### Assignment:
Within the listing below, please copy exactly the lines between the line holding "在具体教学设计上,《指南》提" and the line holding "臥室稍作點(diǎn)綴,床頭兩邊運(yùn)用了鏤空雕花板。", inclusive.

### Provided material:
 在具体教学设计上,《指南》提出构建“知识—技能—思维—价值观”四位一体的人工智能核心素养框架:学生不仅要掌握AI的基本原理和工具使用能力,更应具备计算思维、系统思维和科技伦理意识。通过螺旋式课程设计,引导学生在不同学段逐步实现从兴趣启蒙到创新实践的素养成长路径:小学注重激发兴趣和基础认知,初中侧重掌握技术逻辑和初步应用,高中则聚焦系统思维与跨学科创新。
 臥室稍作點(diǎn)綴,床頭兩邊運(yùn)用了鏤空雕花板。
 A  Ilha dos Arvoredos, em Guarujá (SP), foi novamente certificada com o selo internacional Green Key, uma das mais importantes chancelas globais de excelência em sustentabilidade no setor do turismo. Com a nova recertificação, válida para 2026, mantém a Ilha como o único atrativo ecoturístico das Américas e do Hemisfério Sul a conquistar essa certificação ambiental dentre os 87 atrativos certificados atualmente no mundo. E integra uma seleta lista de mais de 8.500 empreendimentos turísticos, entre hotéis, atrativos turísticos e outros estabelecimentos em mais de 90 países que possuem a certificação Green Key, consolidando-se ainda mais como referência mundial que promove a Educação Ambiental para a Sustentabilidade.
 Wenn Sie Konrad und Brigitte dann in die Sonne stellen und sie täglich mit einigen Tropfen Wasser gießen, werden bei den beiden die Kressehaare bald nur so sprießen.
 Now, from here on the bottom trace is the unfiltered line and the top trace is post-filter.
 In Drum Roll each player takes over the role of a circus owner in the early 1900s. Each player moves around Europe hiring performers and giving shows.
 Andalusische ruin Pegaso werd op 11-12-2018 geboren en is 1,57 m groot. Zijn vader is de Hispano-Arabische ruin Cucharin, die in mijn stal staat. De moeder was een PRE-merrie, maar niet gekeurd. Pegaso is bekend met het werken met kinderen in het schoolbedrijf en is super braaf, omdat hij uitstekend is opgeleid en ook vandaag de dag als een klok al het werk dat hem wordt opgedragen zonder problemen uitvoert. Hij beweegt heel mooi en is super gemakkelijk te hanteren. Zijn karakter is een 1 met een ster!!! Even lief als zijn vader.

---

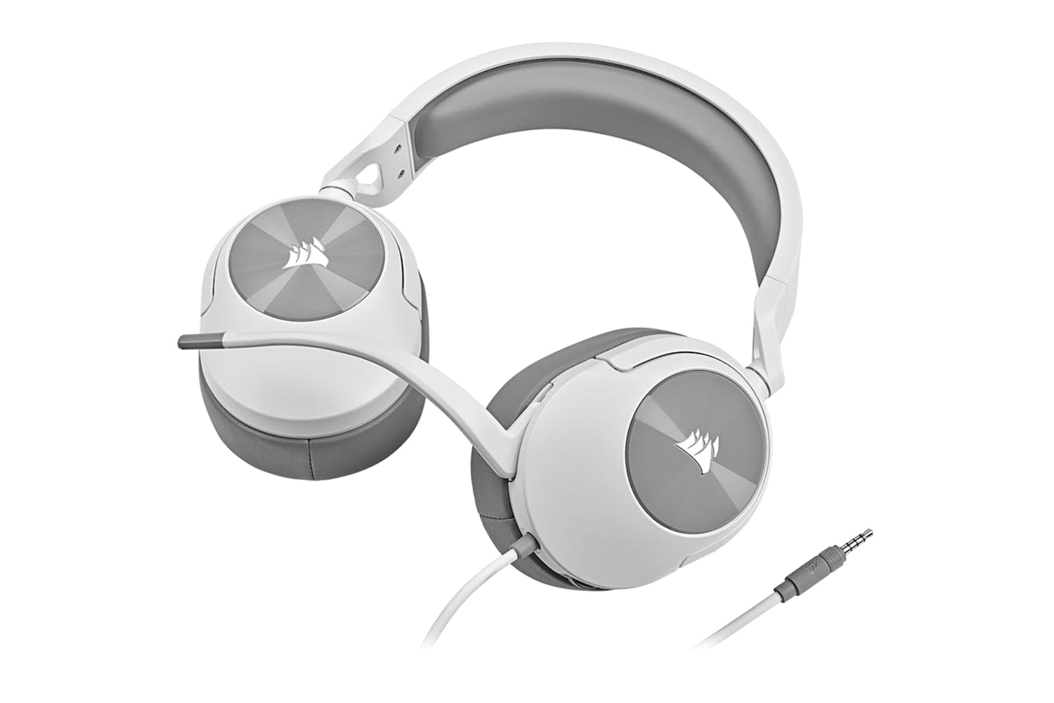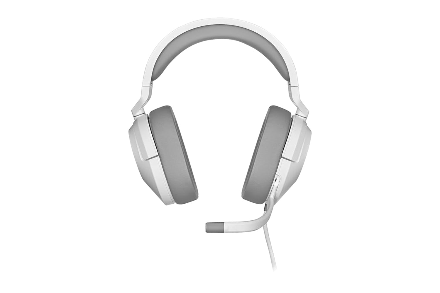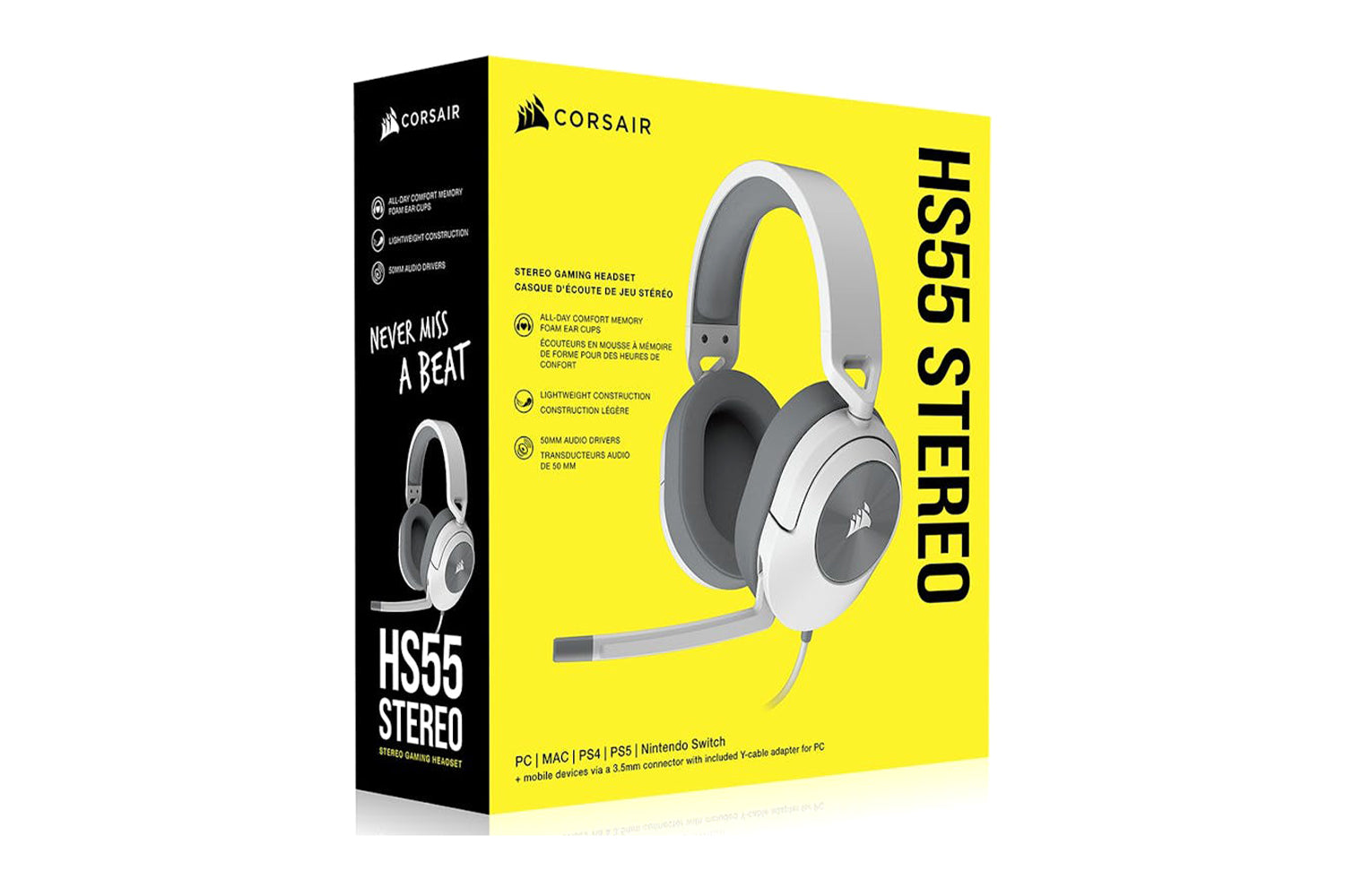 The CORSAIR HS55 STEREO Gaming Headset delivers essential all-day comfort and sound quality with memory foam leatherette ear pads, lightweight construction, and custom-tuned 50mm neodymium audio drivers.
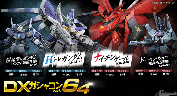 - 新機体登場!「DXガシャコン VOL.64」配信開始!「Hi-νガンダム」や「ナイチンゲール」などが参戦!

--

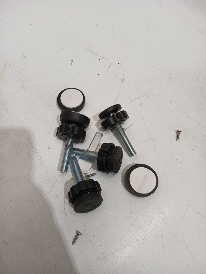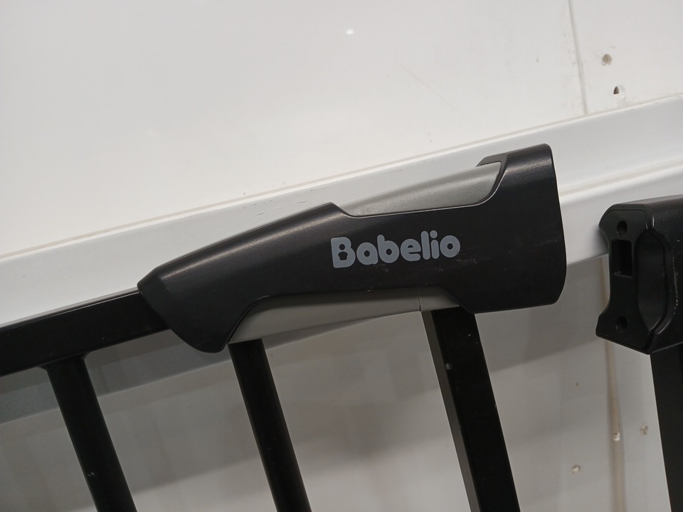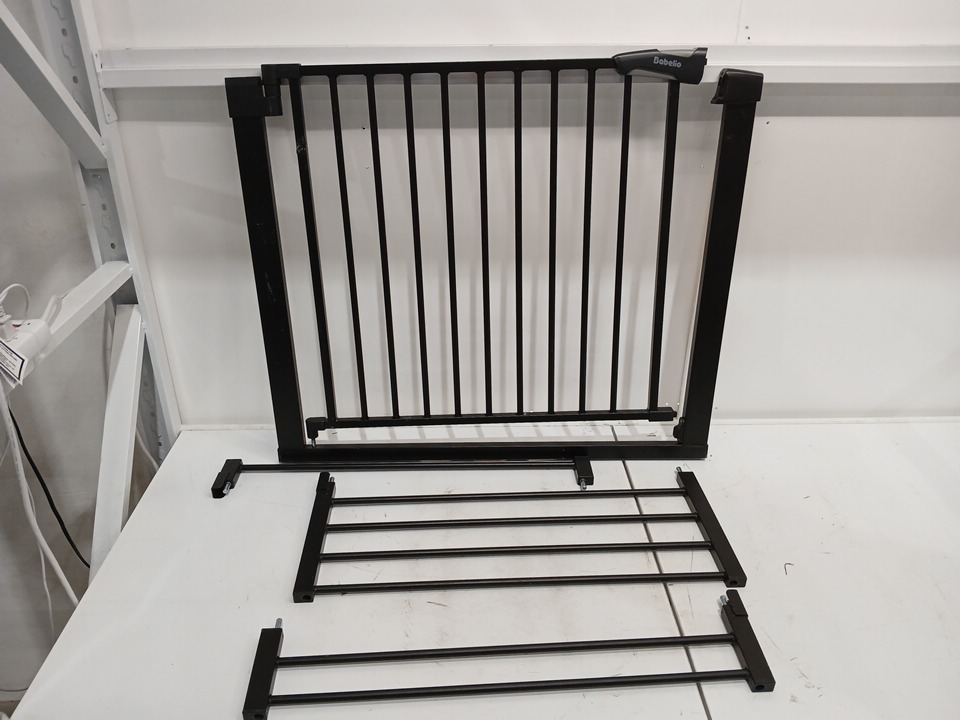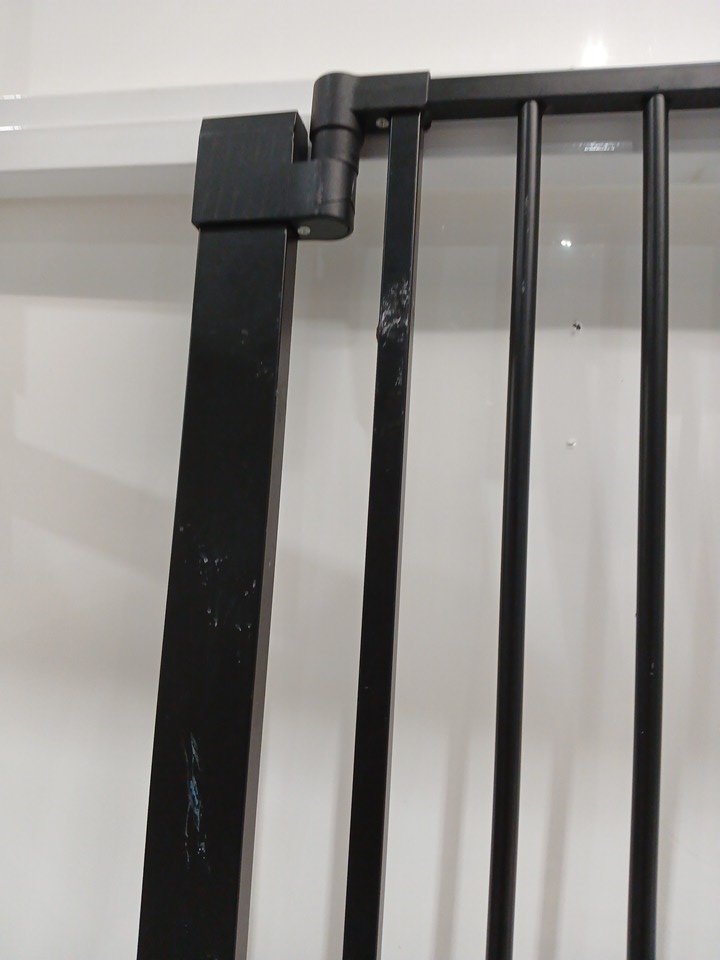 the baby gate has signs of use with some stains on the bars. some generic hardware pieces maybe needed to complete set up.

### Written answer:
 在具体教学设计上,《指南》提出构建“知识—技能—思维—价值观”四位一体的人工智能核心素养框架:学生不仅要掌握AI的基本原理和工具使用能力,更应具备计算思维、系统思维和科技伦理意识。通过螺旋式课程设计,引导学生在不同学段逐步实现从兴趣启蒙到创新实践的素养成长路径:小学注重激发兴趣和基础认知,初中侧重掌握技术逻辑和初步应用,高中则聚焦系统思维与跨学科创新。
 臥室稍作點(diǎn)綴,床頭兩邊運(yùn)用了鏤空雕花板。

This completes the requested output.